# Dataset items
----------

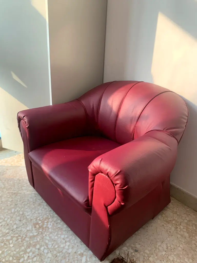 I'm selling my cozy maroon armchair from Home Center, which has been a great addition to my living space. It features a classic design, perfect for adding a warm touch to any room. The armchair is in good condition, with normal usage over the past 1-2 years. It’s a comfortable spot for reading or relaxing, and its rich red color adds a stylish flair.
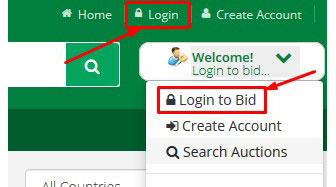Once you have an account, you will need to login and register for each auction you want to participate in. Login where ever you see the login links. Buttons are at the top right of the site, on each auction on the calendar and on every lot.
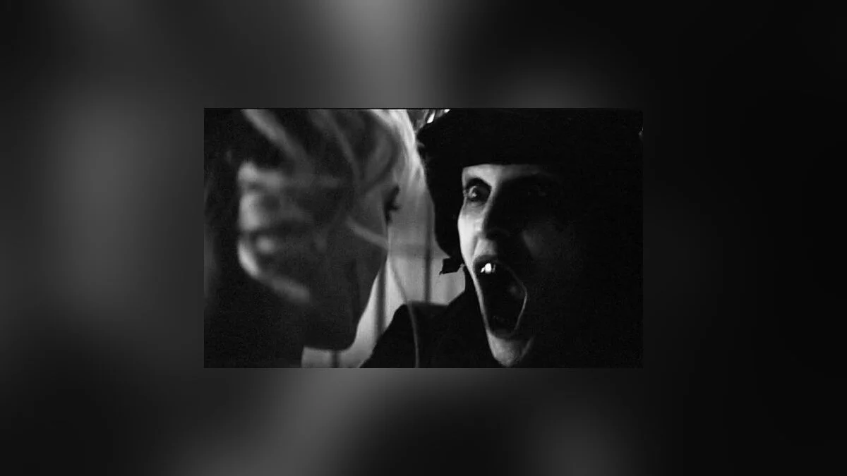 На кадре изображены Джокер и Харли Квинн. Джокер, по всей видимости, что-то выкрикивает.
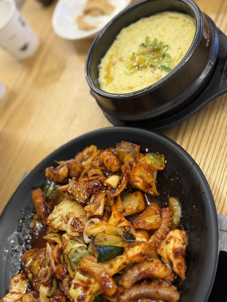 물을 많이 넣어서 만든 계란찜이고, 부들부들 포슬포슬한데 매운걸 딱 중화시켜줘서 좋았습니다!
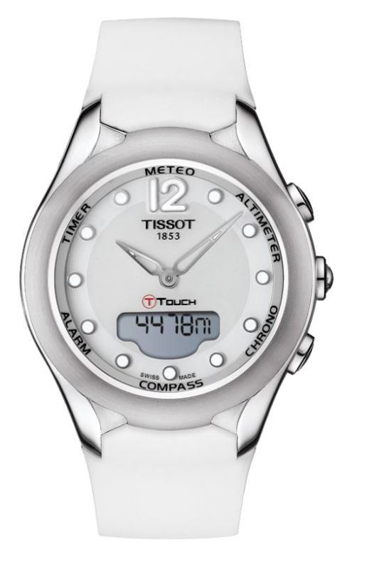 Model: T075.220.17.017.00 - CASE = [Material:Stainless Steel], [Case Diameter:38], [Case Thickness:12.14mm], [Bezel:Fixed], [Case Back:Solid], [Water Resistant:100 Meters - 330 Feet], [Crystal:Scratch Resistant Sapphire], DIAL = [Color:White with Arabic + Index Numerals], MOVEMENT = [Type:Solar Quartz], BAND = [Clasp:Folding], [Type:White Rubber], (Usually ships in 1 to 2 weeks.)
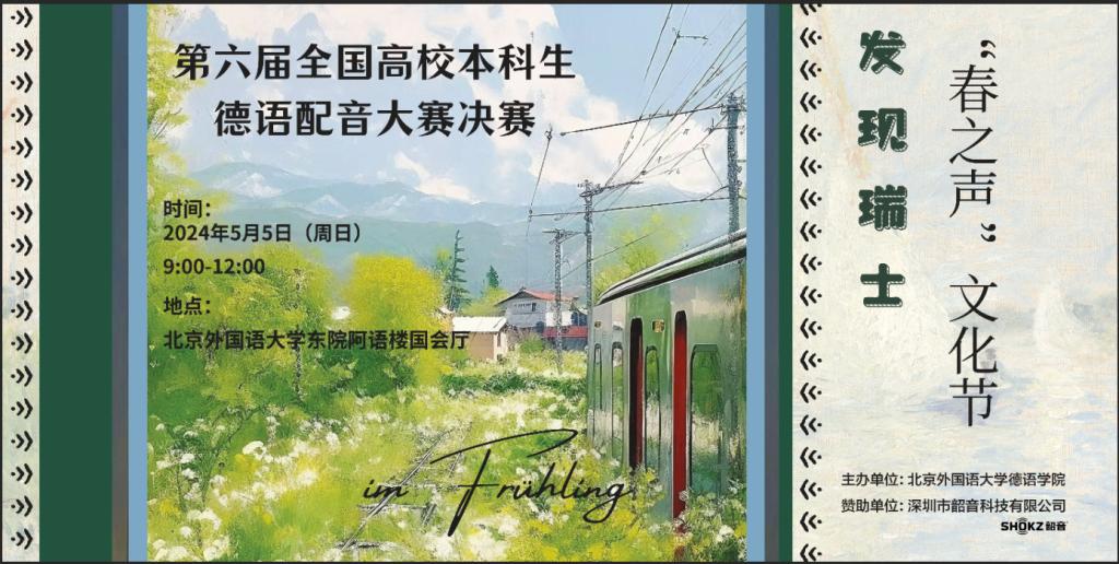 由球王会体育官方网站主办的第六届全国高校本科生德语配音大赛(以下简称“大赛”)决赛将于2024年5月5日(周日)9:00-12:15在球王会体育官方网站东院阿语楼国会厅举行。此次大赛决赛以瑞士为主题,邀请10支晋级的高校代表队齐聚球王会体育官方网站,共同开启“发现瑞士”的声音之旅。
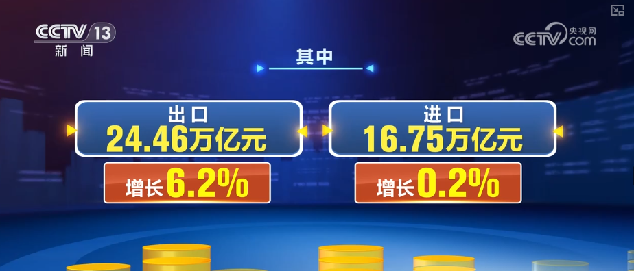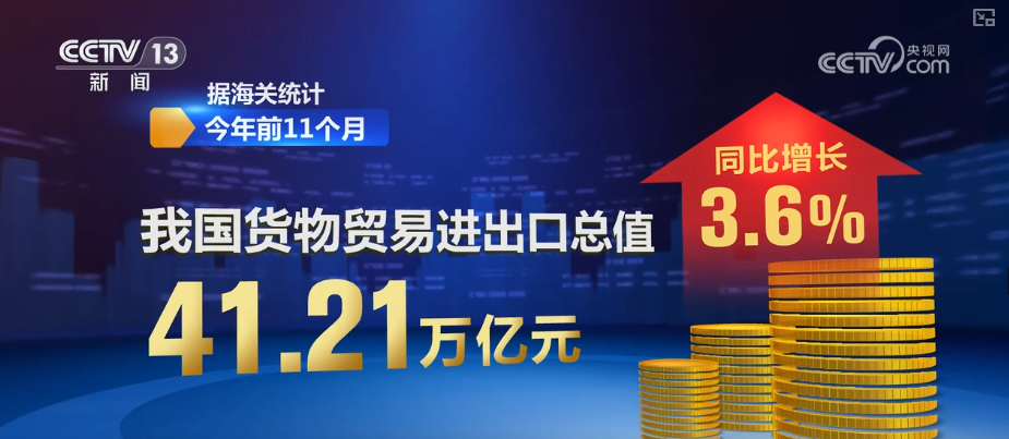 据海关统计,2025年前11个月,我国货物贸易进出口总值41.21万亿元,同比增长3.6%。其中,出口24.46万亿元,增长6.2%;进口16.75万亿元,增长0.2%。
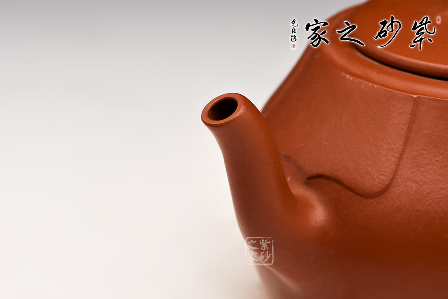 特點:質(zhì)感綿密、緊實細(xì)緻,持之扎實沉重、紅潤豔麗,泥中極品,無以倫比;泥胚含少許原礦顆粒,沖淋熱水后色變極大,呈紅中帶紫,養(yǎng)壺易現(xiàn)“包漿”之美。
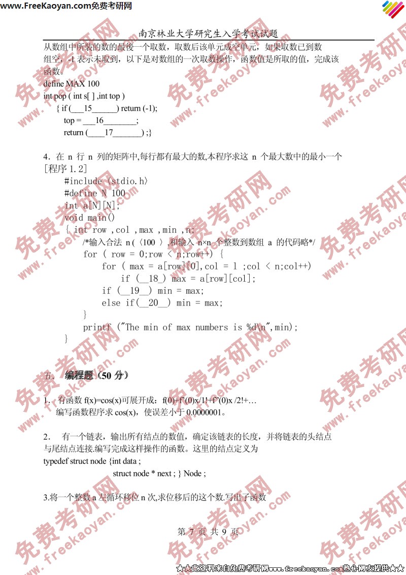 南京林业大学2003年考研真题-c语言(7)
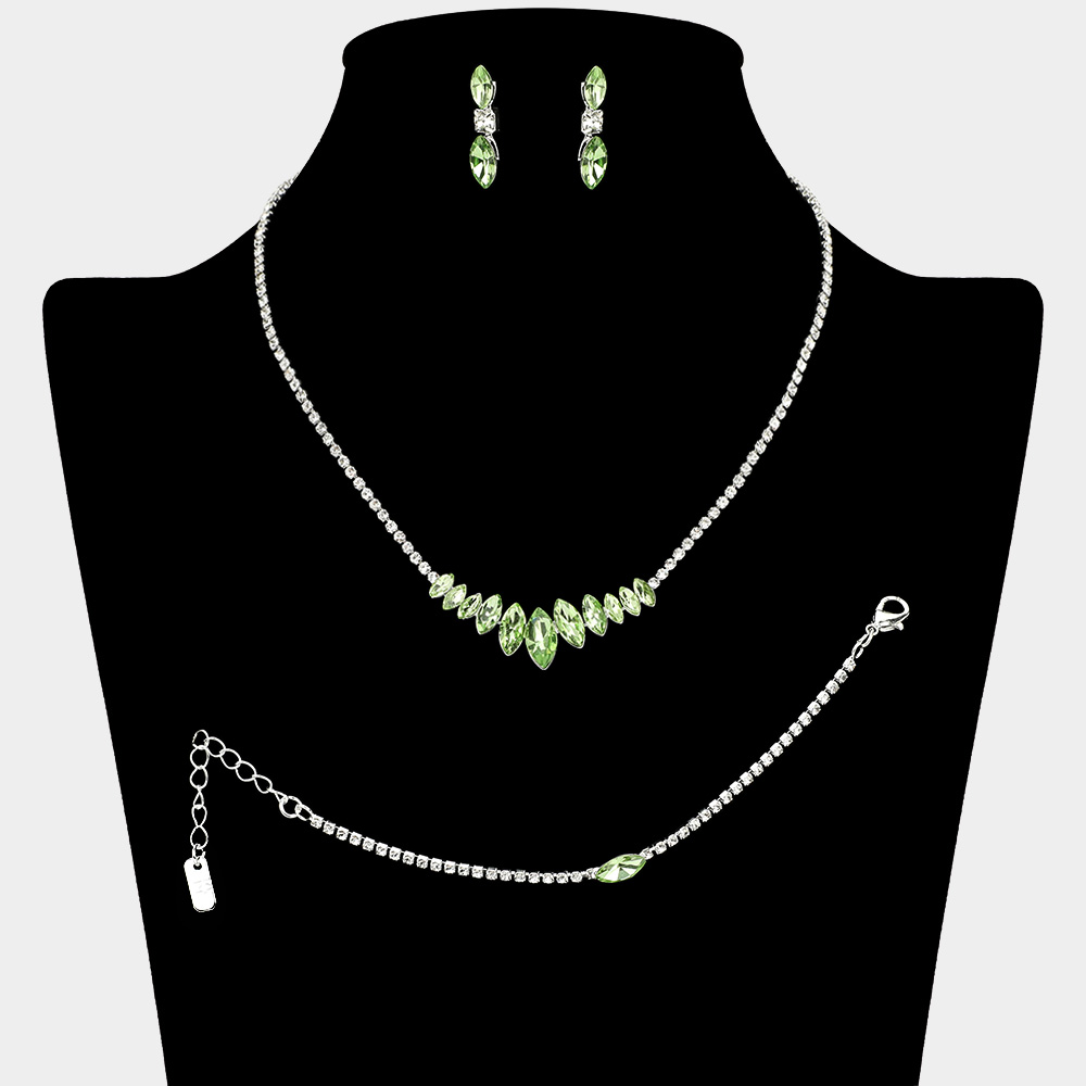 Marquise Stone Cluster Link Rhinestone Paved Jewelry Set
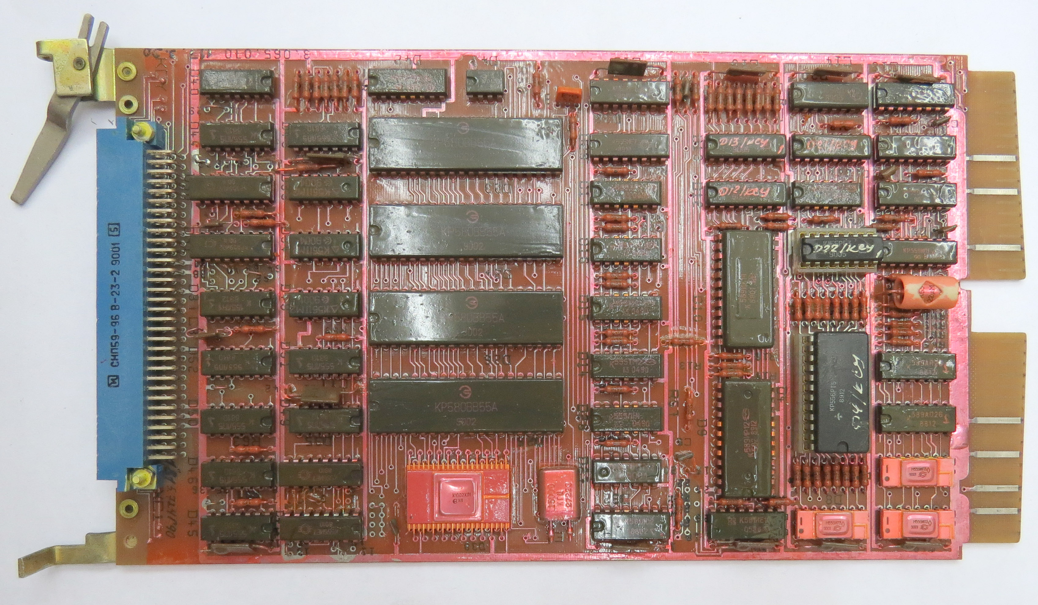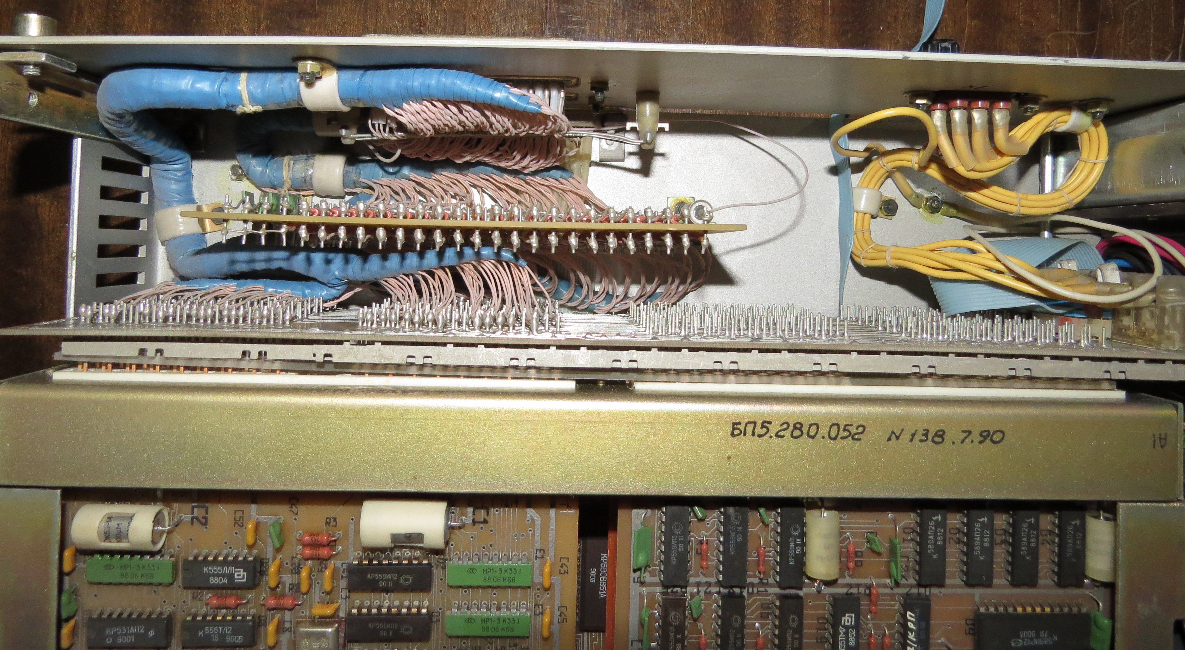 ПИ КОП - "Канал Общего Пользования", он же IEEE-488. И12 - плата на два ком-порта от машинки Электроника-60-1 что сразу бросается в глаза - она 4х слойная! Рядом плата электронного диска на РУ5 Контроллер дисководов - МХ Дисководы (зачем нам шлейфы есть есть МГТФ ? и это кстати 90й год) -------------------- Живы будем - Не помрем !

----------

Every record must be returned exactly. Leave its pictures out.

 I'm selling my cozy maroon armchair from Home Center, which has been a great addition to my living space. It features a classic design, perfect for adding a warm touch to any room. The armchair is in good condition, with normal usage over the past 1-2 years. It’s a comfortable spot for reading or relaxing, and its rich red color adds a stylish flair.
Once you have an account, you will need to login and register for each auction you want to participate in. Login where ever you see the login links. Buttons are at the top right of the site, on each auction on the calendar and on every lot.
 На кадре изображены Джокер и Харли Квинн. Джокер, по всей видимости, что-то выкрикивает.
 물을 많이 넣어서 만든 계란찜이고, 부들부들 포슬포슬한데 매운걸 딱 중화시켜줘서 좋았습니다!
 Model: T075.220.17.017.00 - CASE = [Material:Stainless Steel], [Case Diameter:38], [Case Thickness:12.14mm], [Bezel:Fixed], [Case Back:Solid], [Water Resistant:100 Meters - 330 Feet], [Crystal:Scratch Resistant Sapphire], DIAL = [Color:White with Arabic + Index Numerals], MOVEMENT = [Type:Solar Quartz], BAND = [Clasp:Folding], [Type:White Rubber], (Usually ships in 1 to 2 weeks.)
 由球王会体育官方网站主办的第六届全国高校本科生德语配音大赛(以下简称“大赛”)决赛将于2024年5月5日(周日)9:00-12:15在球王会体育官方网站东院阿语楼国会厅举行。此次大赛决赛以瑞士为主题,邀请10支晋级的高校代表队齐聚球王会体育官方网站,共同开启“发现瑞士”的声音之旅。
 据海关统计,2025年前11个月,我国货物贸易进出口总值41.21万亿元,同比增长3.6%。其中,出口24.46万亿元,增长6.2%;进口16.75万亿元,增长0.2%。
 特點:質(zhì)感綿密、緊實細(xì)緻,持之扎實沉重、紅潤豔麗,泥中極品,無以倫比;泥胚含少許原礦顆粒,沖淋熱水后色變極大,呈紅中帶紫,養(yǎng)壺易現(xiàn)“包漿”之美。
 南京林业大学2003年考研真题-c语言(7)
 Marquise Stone Cluster Link Rhinestone Paved Jewelry Set
 ПИ КОП - "Канал Общего Пользования", он же IEEE-488. И12 - плата на два ком-порта от машинки Электроника-60-1 что сразу бросается в глаза - она 4х слойная! Рядом плата электронного диска на РУ5 Контроллер дисководов - МХ Дисководы (зачем нам шлейфы есть есть МГТФ ? и это кстати 90й год) -------------------- Живы будем - Не помрем !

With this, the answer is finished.